_Task material_
+ + + + +

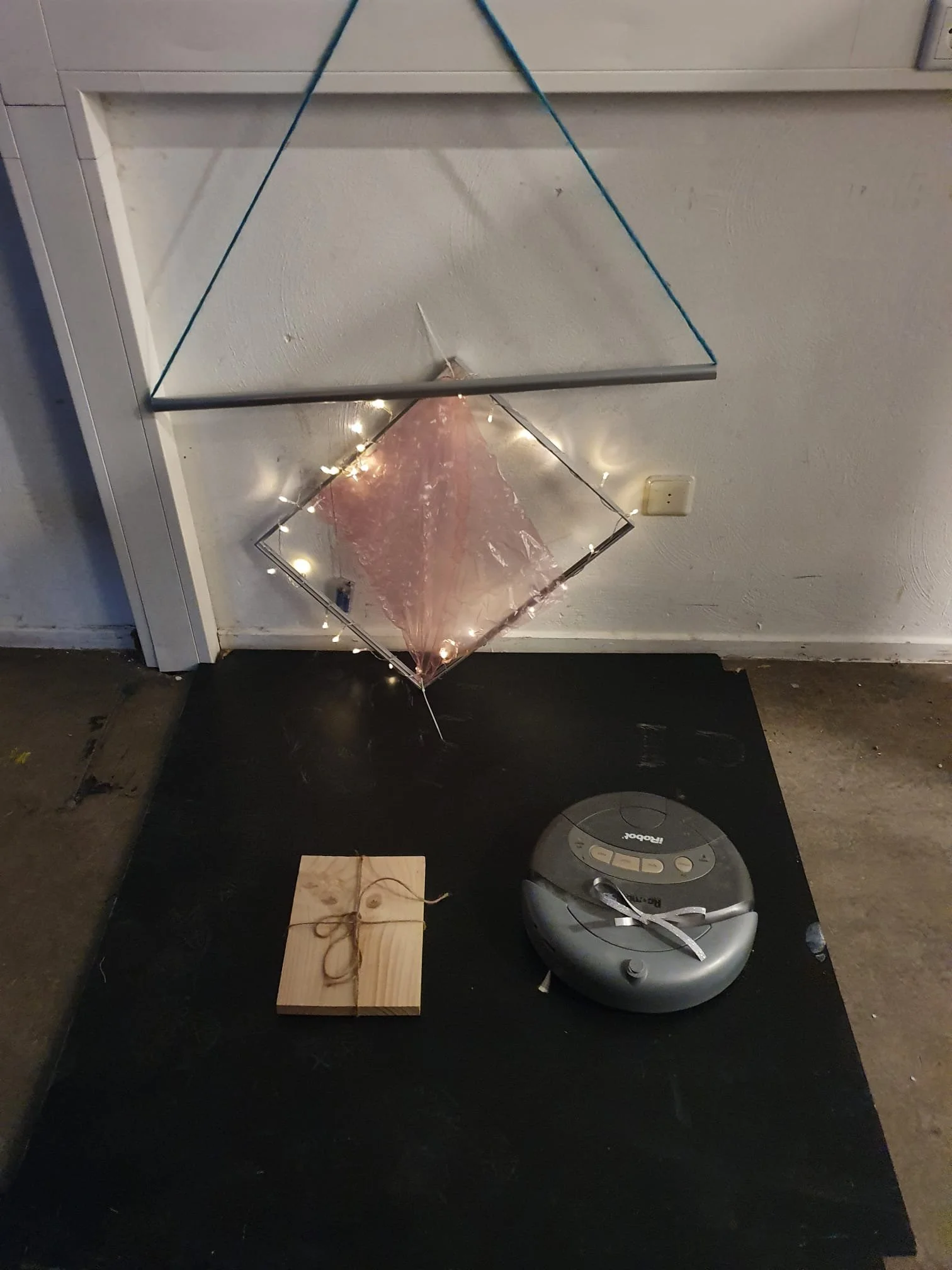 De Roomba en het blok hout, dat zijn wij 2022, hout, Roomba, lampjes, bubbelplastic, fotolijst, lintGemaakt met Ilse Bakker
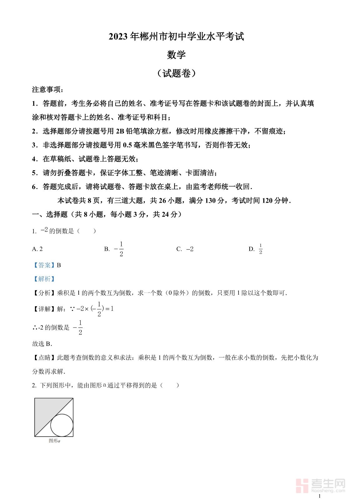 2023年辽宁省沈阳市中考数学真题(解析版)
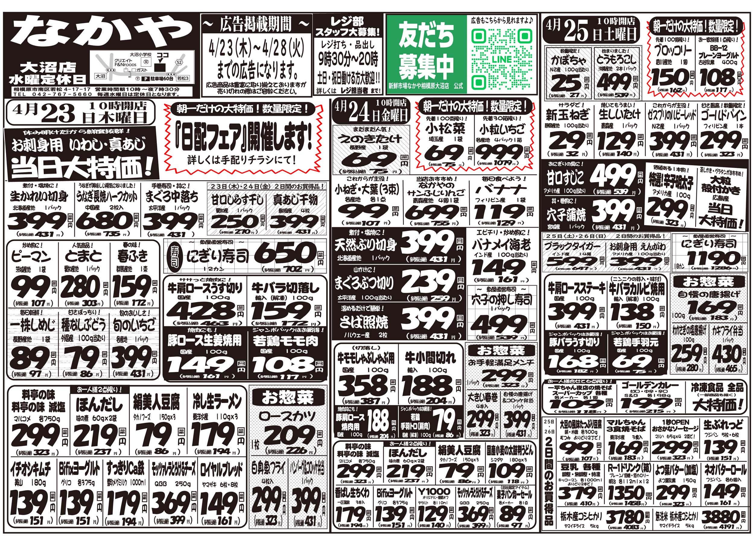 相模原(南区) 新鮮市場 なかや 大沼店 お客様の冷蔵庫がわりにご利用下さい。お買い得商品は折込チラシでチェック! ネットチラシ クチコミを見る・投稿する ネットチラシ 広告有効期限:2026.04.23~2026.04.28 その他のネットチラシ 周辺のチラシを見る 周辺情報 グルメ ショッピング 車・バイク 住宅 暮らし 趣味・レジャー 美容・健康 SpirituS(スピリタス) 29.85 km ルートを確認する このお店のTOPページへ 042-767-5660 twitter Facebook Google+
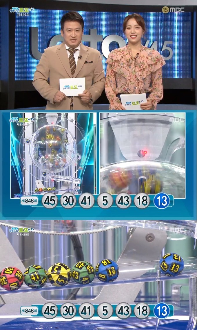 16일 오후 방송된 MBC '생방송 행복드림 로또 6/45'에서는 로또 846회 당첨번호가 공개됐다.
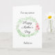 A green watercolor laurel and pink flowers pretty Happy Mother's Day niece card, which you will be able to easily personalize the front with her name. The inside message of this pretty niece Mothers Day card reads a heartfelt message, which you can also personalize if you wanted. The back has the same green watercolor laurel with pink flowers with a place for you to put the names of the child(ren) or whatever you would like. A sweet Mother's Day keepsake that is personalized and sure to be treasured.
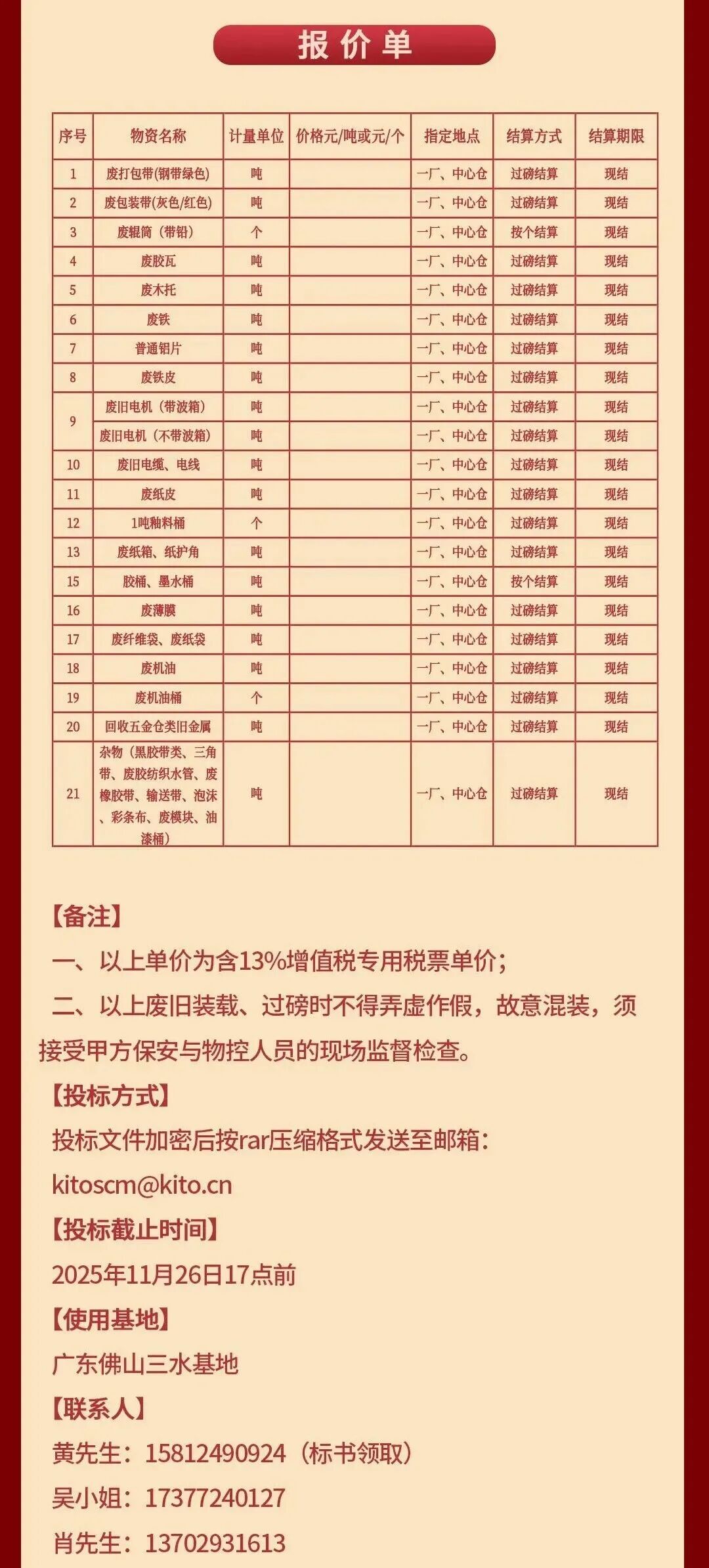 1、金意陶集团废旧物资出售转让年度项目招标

+ + + + +

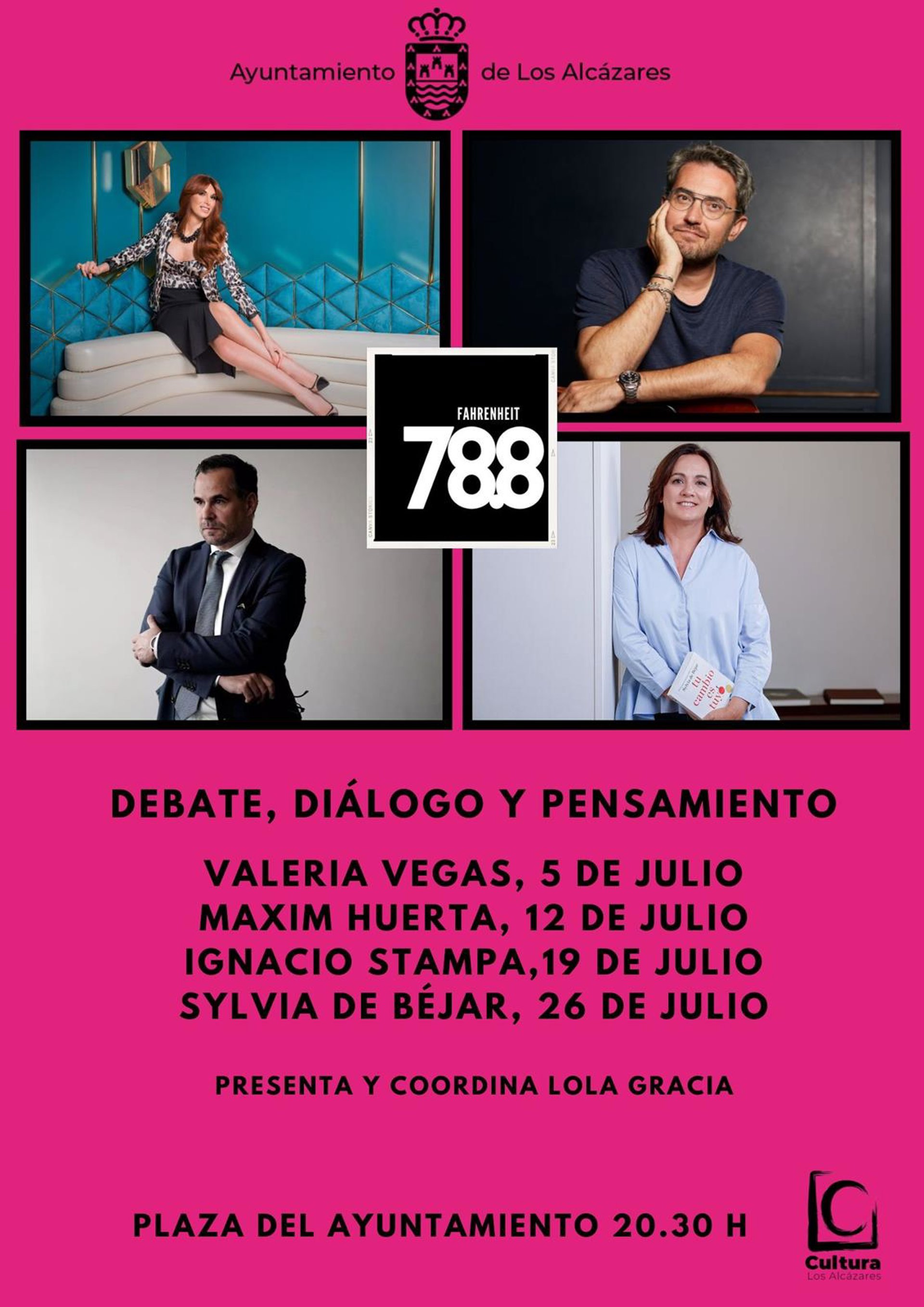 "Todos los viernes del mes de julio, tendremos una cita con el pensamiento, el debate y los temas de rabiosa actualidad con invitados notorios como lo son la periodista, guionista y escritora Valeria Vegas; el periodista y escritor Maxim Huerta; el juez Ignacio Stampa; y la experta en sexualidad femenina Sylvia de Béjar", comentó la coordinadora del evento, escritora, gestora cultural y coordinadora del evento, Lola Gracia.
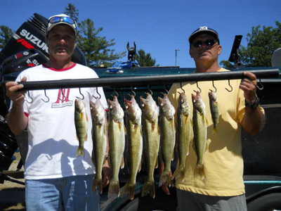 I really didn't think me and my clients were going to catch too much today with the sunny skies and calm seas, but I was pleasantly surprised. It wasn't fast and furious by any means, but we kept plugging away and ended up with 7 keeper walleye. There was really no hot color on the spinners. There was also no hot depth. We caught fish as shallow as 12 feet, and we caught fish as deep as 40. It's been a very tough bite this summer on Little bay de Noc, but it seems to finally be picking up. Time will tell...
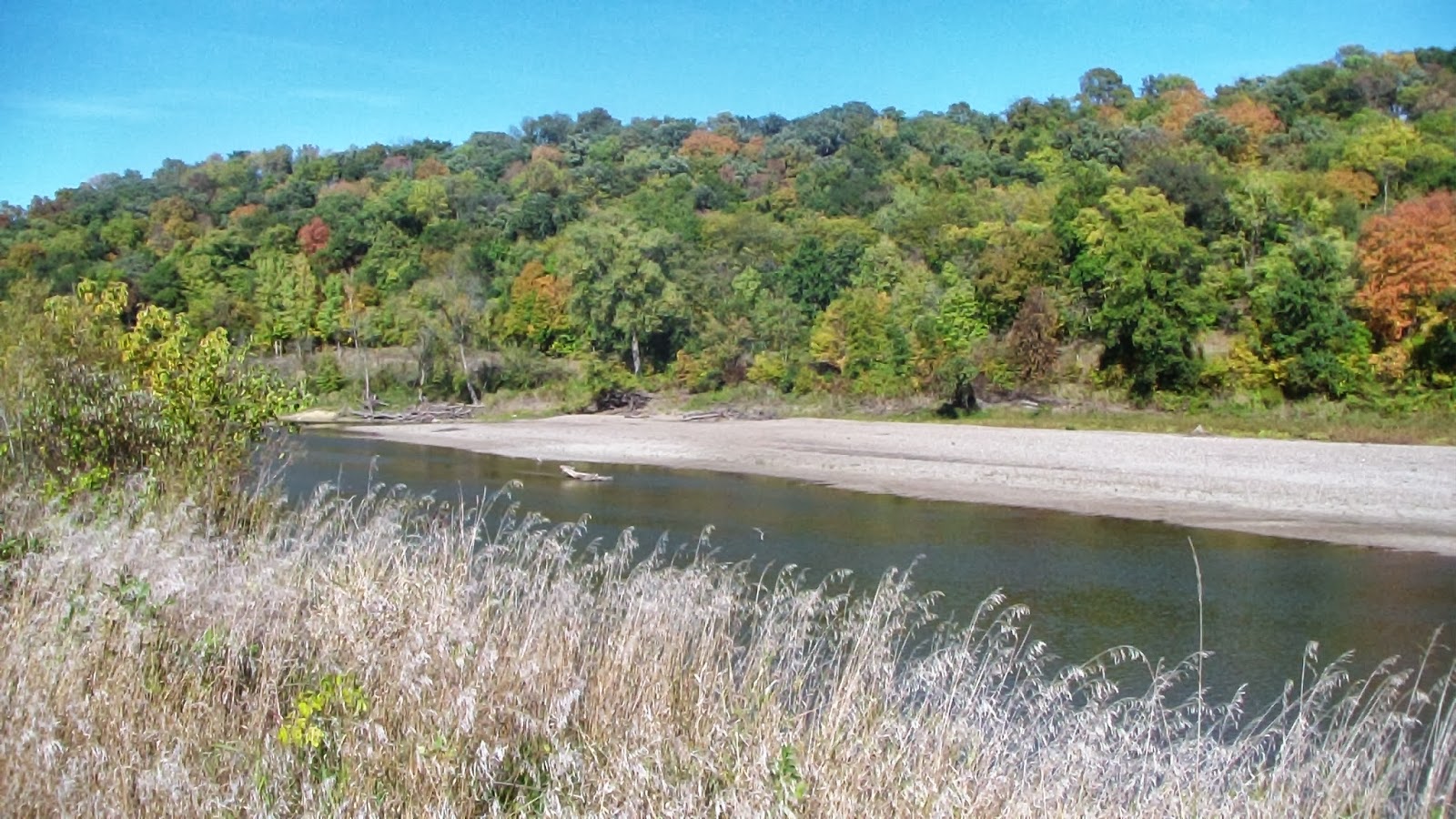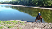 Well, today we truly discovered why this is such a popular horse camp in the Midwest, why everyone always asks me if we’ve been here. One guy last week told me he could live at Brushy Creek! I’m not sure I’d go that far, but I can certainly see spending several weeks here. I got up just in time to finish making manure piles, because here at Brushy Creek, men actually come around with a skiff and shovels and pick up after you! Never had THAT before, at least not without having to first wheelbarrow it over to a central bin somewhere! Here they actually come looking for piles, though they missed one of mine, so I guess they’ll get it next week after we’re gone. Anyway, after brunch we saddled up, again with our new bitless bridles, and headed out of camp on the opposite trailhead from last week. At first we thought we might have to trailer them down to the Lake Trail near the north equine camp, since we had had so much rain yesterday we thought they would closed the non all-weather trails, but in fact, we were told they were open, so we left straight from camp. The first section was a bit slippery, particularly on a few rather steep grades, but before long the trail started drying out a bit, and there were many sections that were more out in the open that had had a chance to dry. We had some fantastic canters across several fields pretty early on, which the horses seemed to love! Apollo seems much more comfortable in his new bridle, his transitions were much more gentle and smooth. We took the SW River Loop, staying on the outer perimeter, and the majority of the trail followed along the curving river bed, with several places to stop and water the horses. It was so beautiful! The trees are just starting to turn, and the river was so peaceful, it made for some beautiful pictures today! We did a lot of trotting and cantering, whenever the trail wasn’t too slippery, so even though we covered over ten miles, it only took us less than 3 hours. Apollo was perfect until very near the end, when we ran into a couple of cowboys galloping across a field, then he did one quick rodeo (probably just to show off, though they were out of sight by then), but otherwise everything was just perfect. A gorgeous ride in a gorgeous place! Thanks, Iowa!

+ + + + +

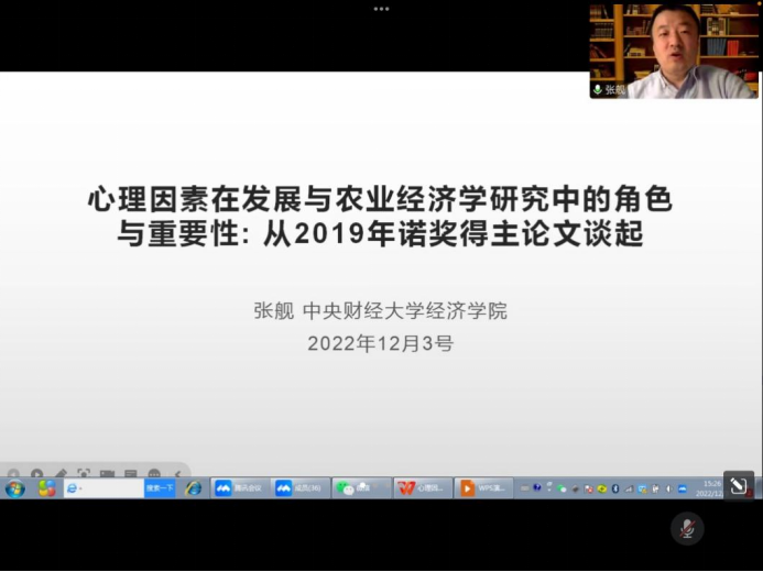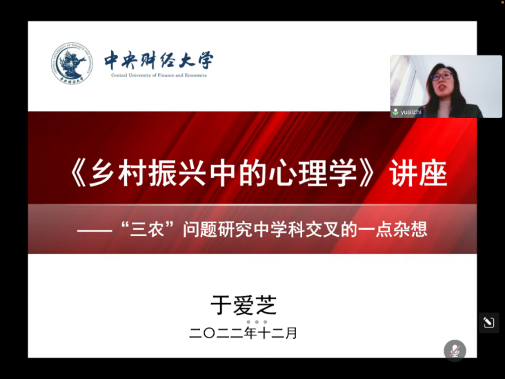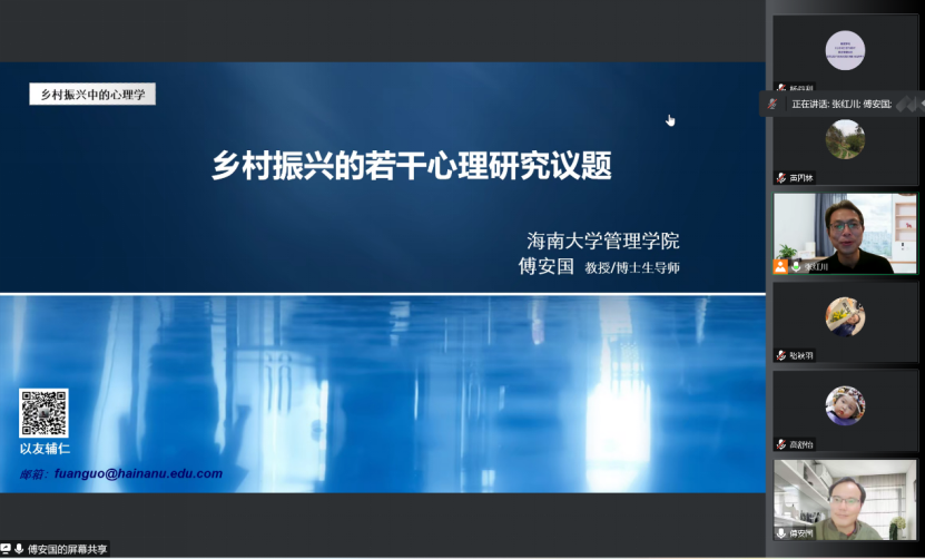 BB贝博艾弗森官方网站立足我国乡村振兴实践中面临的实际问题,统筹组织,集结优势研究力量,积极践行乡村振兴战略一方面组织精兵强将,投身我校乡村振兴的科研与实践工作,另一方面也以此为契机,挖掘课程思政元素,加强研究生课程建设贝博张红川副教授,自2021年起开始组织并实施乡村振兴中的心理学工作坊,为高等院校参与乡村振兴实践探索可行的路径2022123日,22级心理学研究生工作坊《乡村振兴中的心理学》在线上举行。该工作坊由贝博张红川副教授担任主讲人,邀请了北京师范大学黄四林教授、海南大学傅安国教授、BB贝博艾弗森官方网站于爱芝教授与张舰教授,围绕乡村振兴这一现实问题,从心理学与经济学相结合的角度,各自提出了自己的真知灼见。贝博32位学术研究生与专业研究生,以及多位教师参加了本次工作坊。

+ + + + +

_Required work_
Starting at the line above that holds "2023年辽宁省沈阳市中考数学真题(解析版)", return each line up to and including the one that holds "1、金意陶集团废旧物资出售转让年度项目招标", exactly as written, minus any pictures.

_Written reply_
 2023年辽宁省沈阳市中考数学真题(解析版)
 相模原(南区) 新鮮市場 なかや 大沼店 お客様の冷蔵庫がわりにご利用下さい。お買い得商品は折込チラシでチェック! ネットチラシ クチコミを見る・投稿する ネットチラシ 広告有効期限:2026.04.23~2026.04.28 その他のネットチラシ 周辺のチラシを見る 周辺情報 グルメ ショッピング 車・バイク 住宅 暮らし 趣味・レジャー 美容・健康 SpirituS(スピリタス) 29.85 km ルートを確認する このお店のTOPページへ 042-767-5660 twitter Facebook Google+
 16일 오후 방송된 MBC '생방송 행복드림 로또 6/45'에서는 로또 846회 당첨번호가 공개됐다.
 A green watercolor laurel and pink flowers pretty Happy Mother's Day niece card, which you will be able to easily personalize the front with her name. The inside message of this pretty niece Mothers Day card reads a heartfelt message, which you can also personalize if you wanted. The back has the same green watercolor laurel with pink flowers with a place for you to put the names of the child(ren) or whatever you would like. A sweet Mother's Day keepsake that is personalized and sure to be treasured.
 1、金意陶集团废旧物资出售转让年度项目招标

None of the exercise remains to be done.